We played our first game of Star Wars X-Wing last night, which my partner had bought me for Xmas.  My partner is not really a gamer in any shape or form, and straight-forward conflict games are not her thing (though saying that she will occasionally talk about her Scorpion mech pilot and her coffee making machine customization, so maybe after 17 years together something has rubbed off on her?).

So we did our usual split the game up with three players, where the third player is represented by our plush toy kittens, and we each take alternate turns to move the opposition, thereby not playing against each other directly.  This makes for an interesting game dynamic one turn you're running the third party I know what you're doing and what you will get to do this turn, but the next turn the tables are reversed.

By the time we watched the introductory videos on Fantasy Flight Games website, got all the pieces sorted (as in recognize the bits & pieces we had to organize) it took us about 90 minutes to play to the end of the game.  Most of this time was faffing as we worked through the moving and combat and special rules etc.  I really enjoyed myself and I think Susan did too.  She thought that the rule system would make for a great Battlestar Galactica fighter game too.  On reflection yes, but I think Battlestar Galactica would probably be best served by the new Star Wars Armada rules (caveat they're not out yet and I know nothing about them other than they represent fleet actions).

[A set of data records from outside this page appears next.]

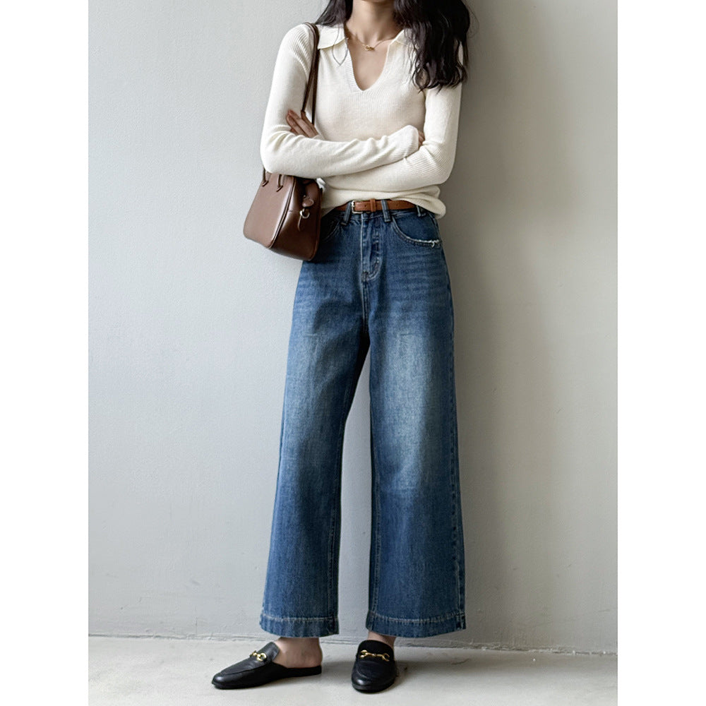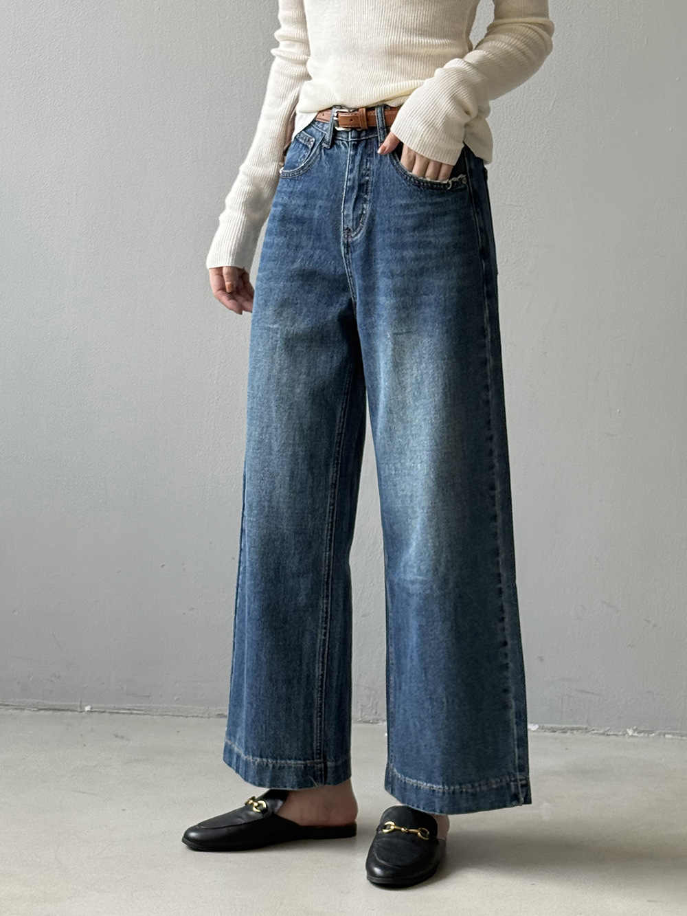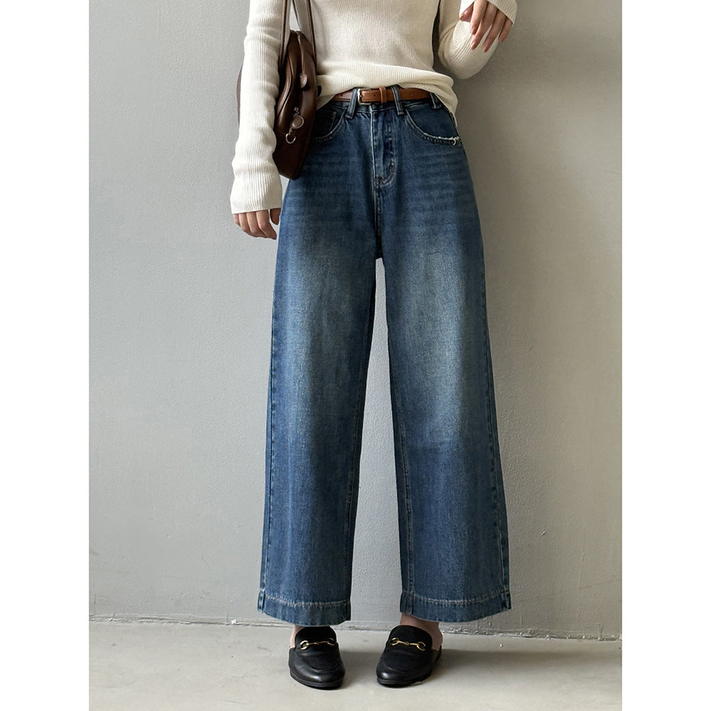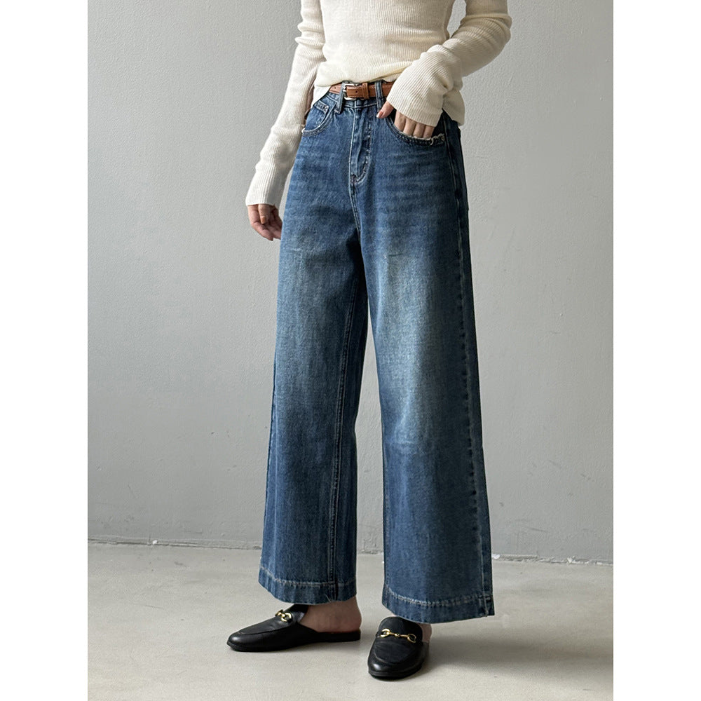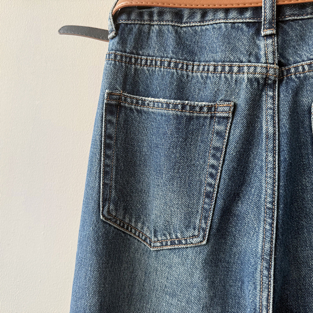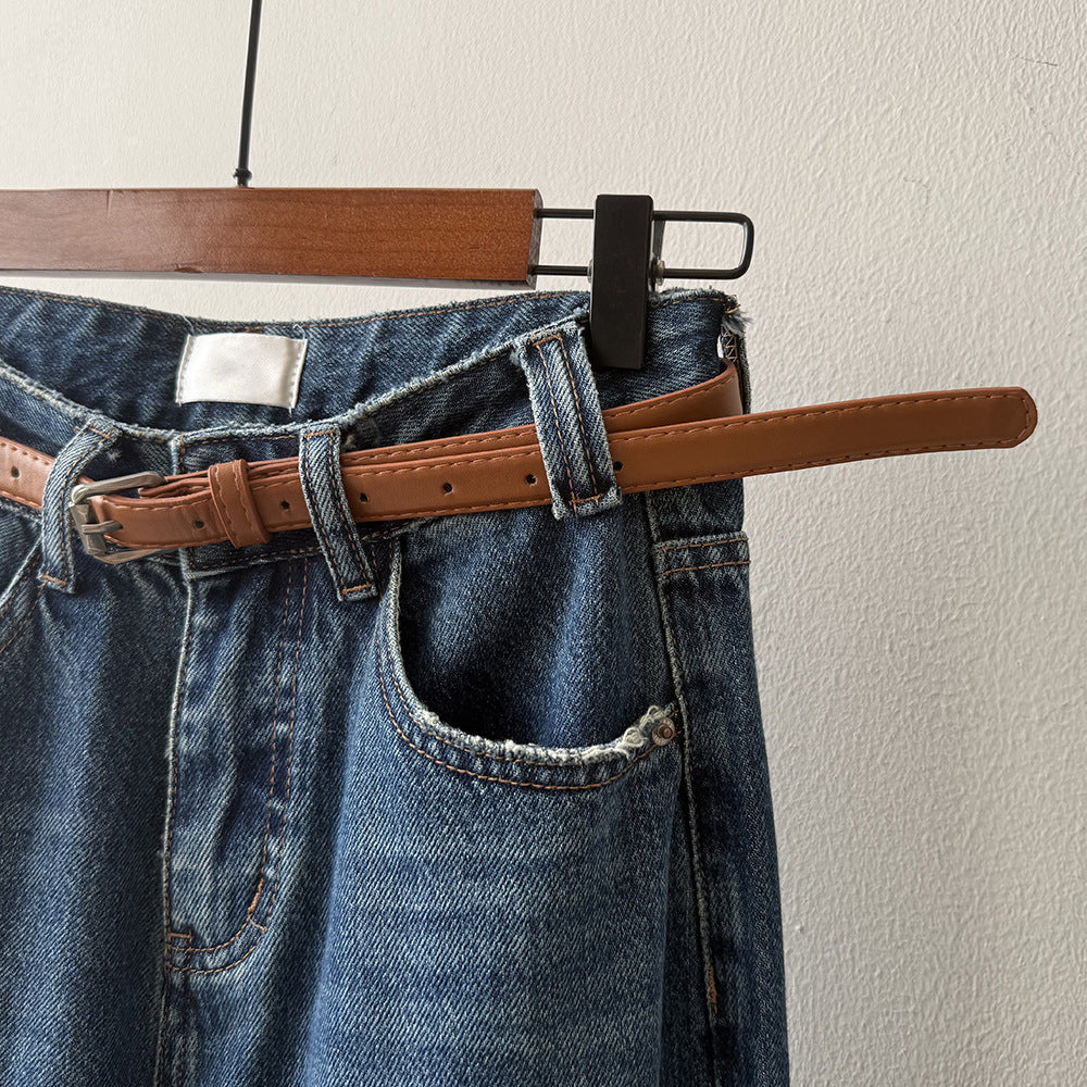 【Y98138】實拍S~XL復古高腰直筒牛仔褲+腰帶250911
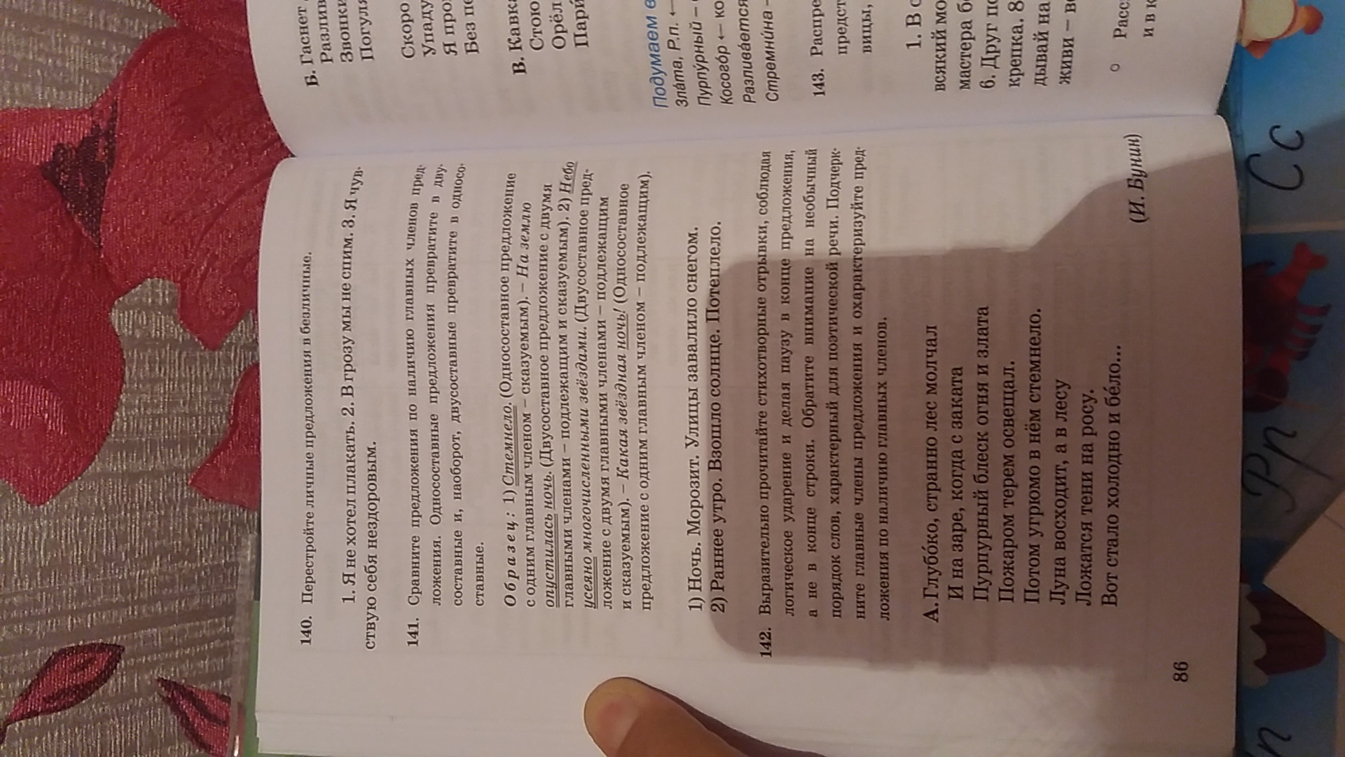 Ночь.(Односоставное предложение с одним главным членом-подлежащее),морозит.(Односоставное предложение с одним главным членом-сказуемое),улицы завалило снегом.(Двусоставное предложение с двумя главными членами-улицы завалило),ранее утро.(Односоставное предложение с одним главным членом-утро)
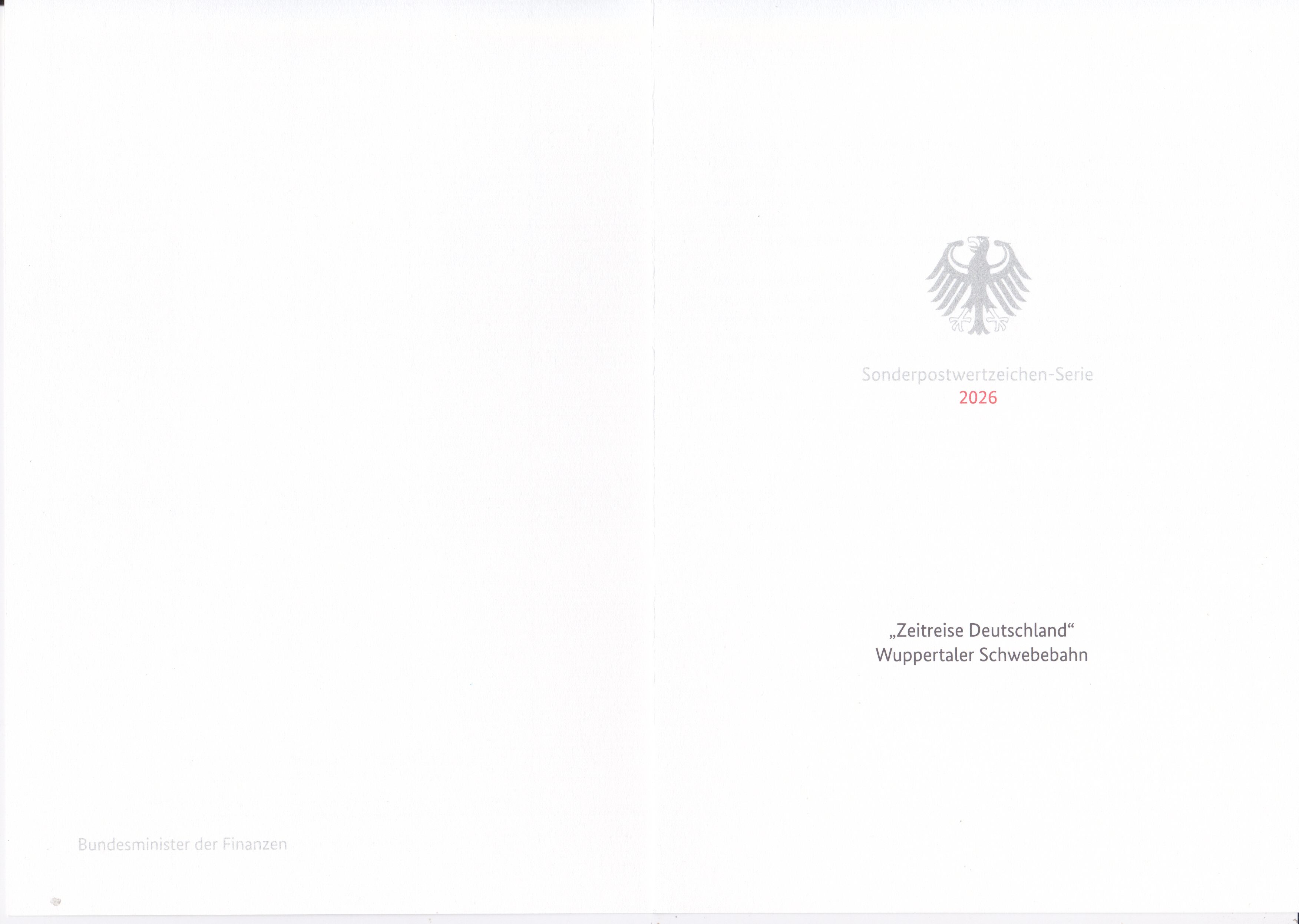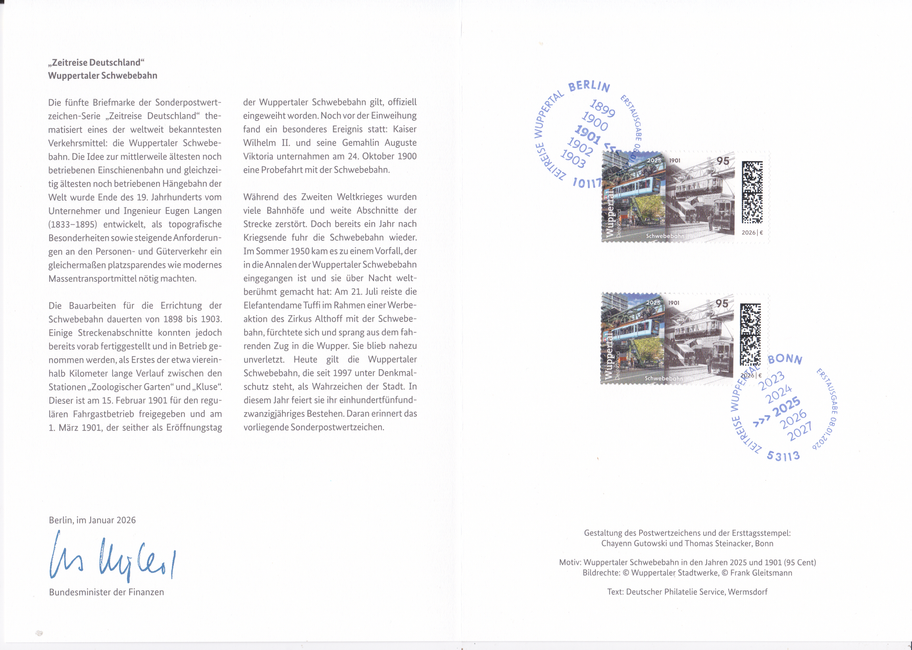 Ministerkarte des Bundesministers für Finanzen mit zwei Marken aus der Serie "Zeitreise durch Deutschland" mit dem Motiv "Wuppertal" (MiNr 3943) mit den beiden Ersttagsonderstempel Bonn und Berlin.

The kittens played Luke Skywalker in his X-wing, while me and Susan flew TIE fighters.  We lost to the plush toy kittens.  Not really surprising as we lost to them when we play Dalek Risk too.  In short a fun game.  The X-wing is a tough little cookie, but lumbers around while the TIE fighters are nimble, but fall apart if you look at them too hard.
 

17 comments:

  1. I love this whole toy kittens as opposition dynamic. I fully intend to use this in a wargame scenario, allowing myself and my usual opponent to masterfully take on the might of the 'plush-toy' imperial forces (and probably lose).

    (I normally lose to my teenage daughters anyway, so it's probably a foregone conclusion).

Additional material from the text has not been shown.